◆ Exercise objective: Without including any images, repeat the listing below exactly.

◆ Raw data:
########################################

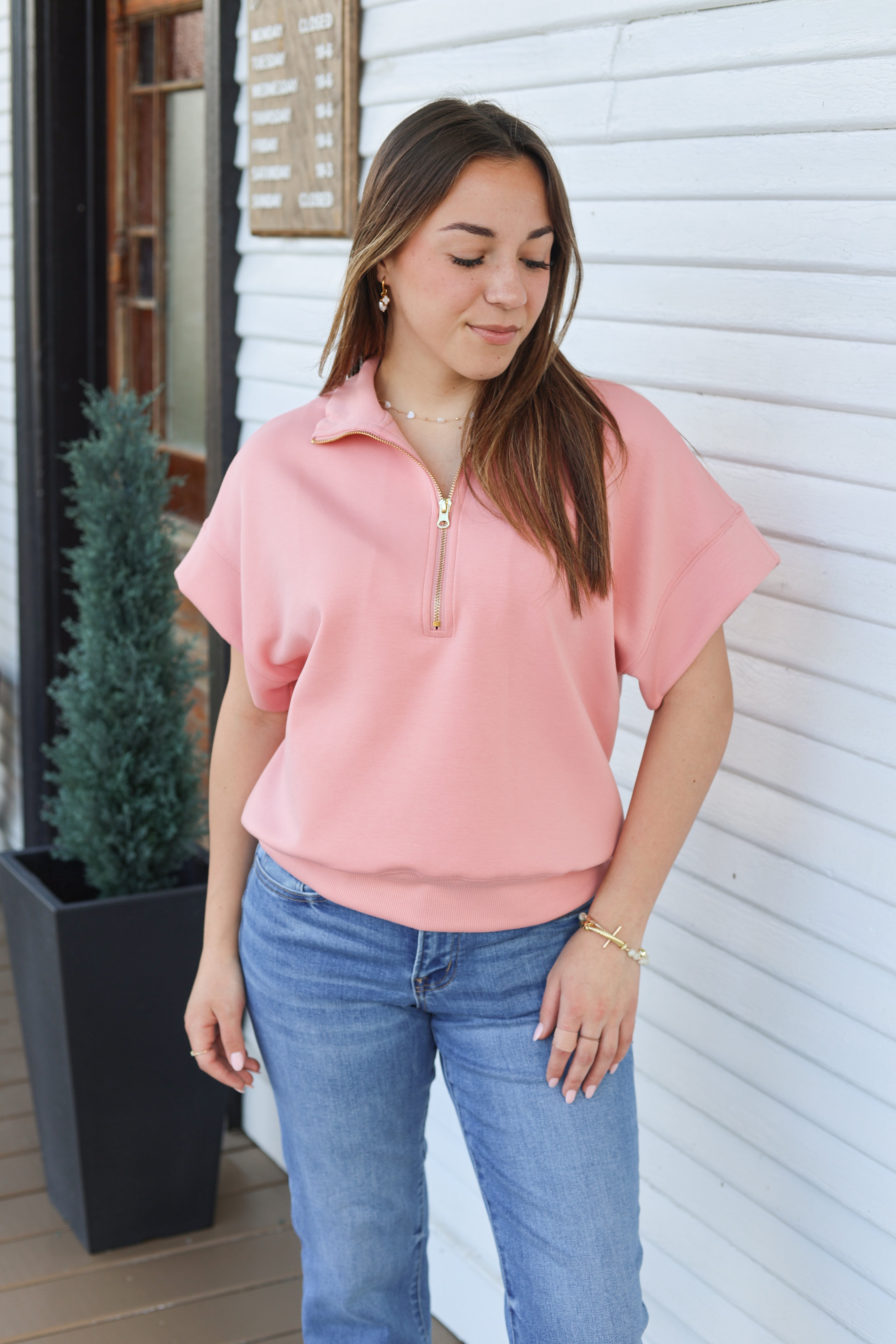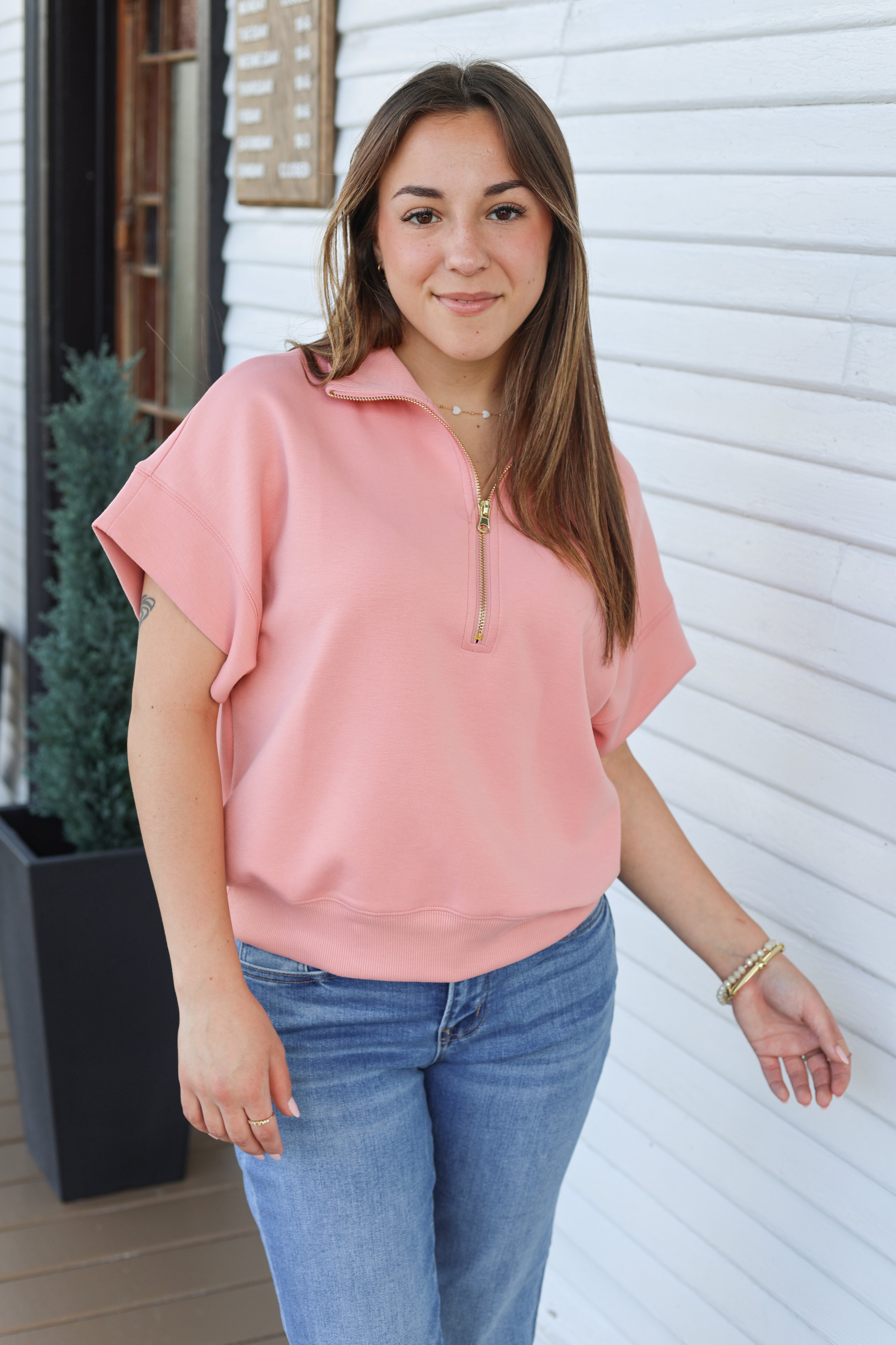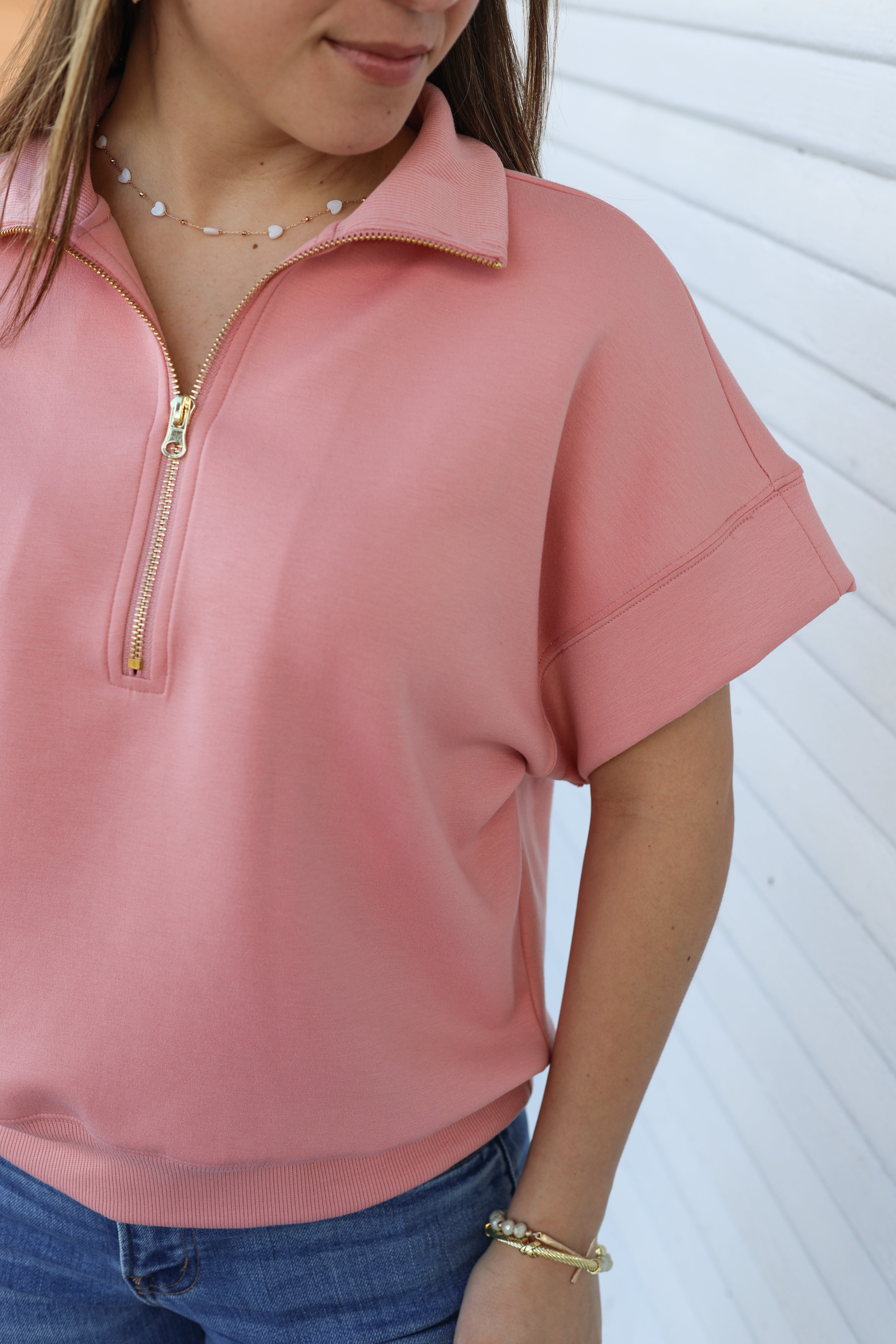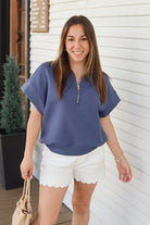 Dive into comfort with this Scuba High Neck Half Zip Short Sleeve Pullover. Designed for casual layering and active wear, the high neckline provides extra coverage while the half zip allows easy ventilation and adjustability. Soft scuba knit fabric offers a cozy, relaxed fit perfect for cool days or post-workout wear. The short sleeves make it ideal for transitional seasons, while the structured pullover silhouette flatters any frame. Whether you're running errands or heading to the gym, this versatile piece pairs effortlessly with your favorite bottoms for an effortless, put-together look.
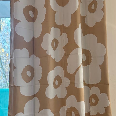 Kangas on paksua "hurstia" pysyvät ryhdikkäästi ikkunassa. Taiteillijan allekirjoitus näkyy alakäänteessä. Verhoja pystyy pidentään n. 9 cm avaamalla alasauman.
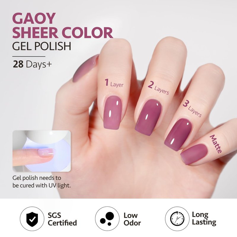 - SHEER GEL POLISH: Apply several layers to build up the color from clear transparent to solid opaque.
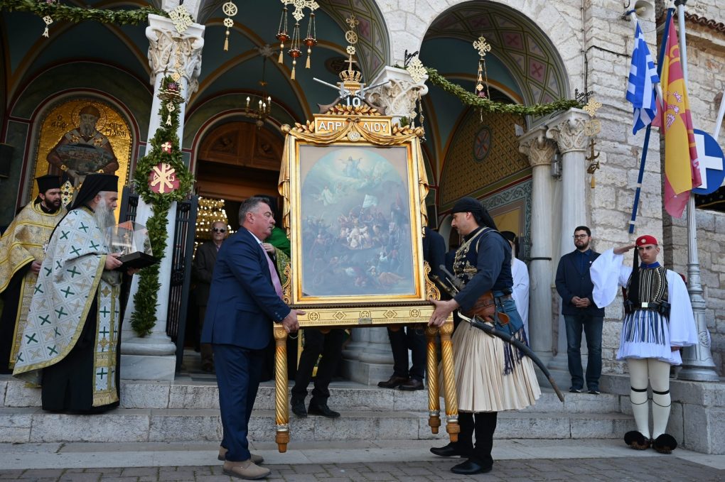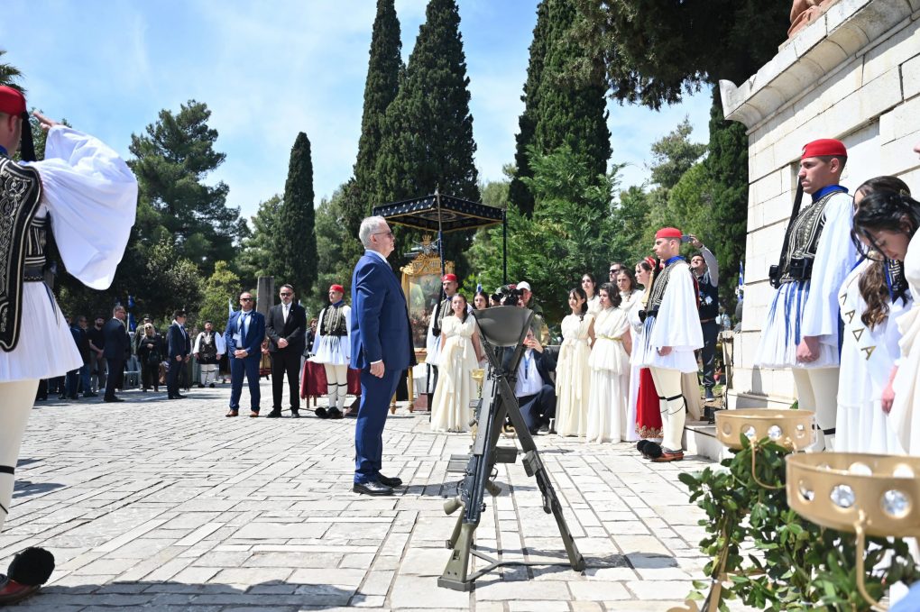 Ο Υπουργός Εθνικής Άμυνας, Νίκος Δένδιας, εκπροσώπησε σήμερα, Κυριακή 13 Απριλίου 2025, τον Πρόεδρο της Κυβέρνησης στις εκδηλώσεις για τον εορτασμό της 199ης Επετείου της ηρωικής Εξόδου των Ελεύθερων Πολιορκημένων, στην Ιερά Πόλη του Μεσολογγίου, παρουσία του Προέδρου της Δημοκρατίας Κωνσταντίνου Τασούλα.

########################################

◆ Your response:
 Dive into comfort with this Scuba High Neck Half Zip Short Sleeve Pullover. Designed for casual layering and active wear, the high neckline provides extra coverage while the half zip allows easy ventilation and adjustability. Soft scuba knit fabric offers a cozy, relaxed fit perfect for cool days or post-workout wear. The short sleeves make it ideal for transitional seasons, while the structured pullover silhouette flatters any frame. Whether you're running errands or heading to the gym, this versatile piece pairs effortlessly with your favorite bottoms for an effortless, put-together look.
 Kangas on paksua "hurstia" pysyvät ryhdikkäästi ikkunassa. Taiteillijan allekirjoitus näkyy alakäänteessä. Verhoja pystyy pidentään n. 9 cm avaamalla alasauman.
 - SHEER GEL POLISH: Apply several layers to build up the color from clear transparent to solid opaque.
 Ο Υπουργός Εθνικής Άμυνας, Νίκος Δένδιας, εκπροσώπησε σήμερα, Κυριακή 13 Απριλίου 2025, τον Πρόεδρο της Κυβέρνησης στις εκδηλώσεις για τον εορτασμό της 199ης Επετείου της ηρωικής Εξόδου των Ελεύθερων Πολιορκημένων, στην Ιερά Πόλη του Μεσολογγίου, παρουσία του Προέδρου της Δημοκρατίας Κωνσταντίνου Τασούλα.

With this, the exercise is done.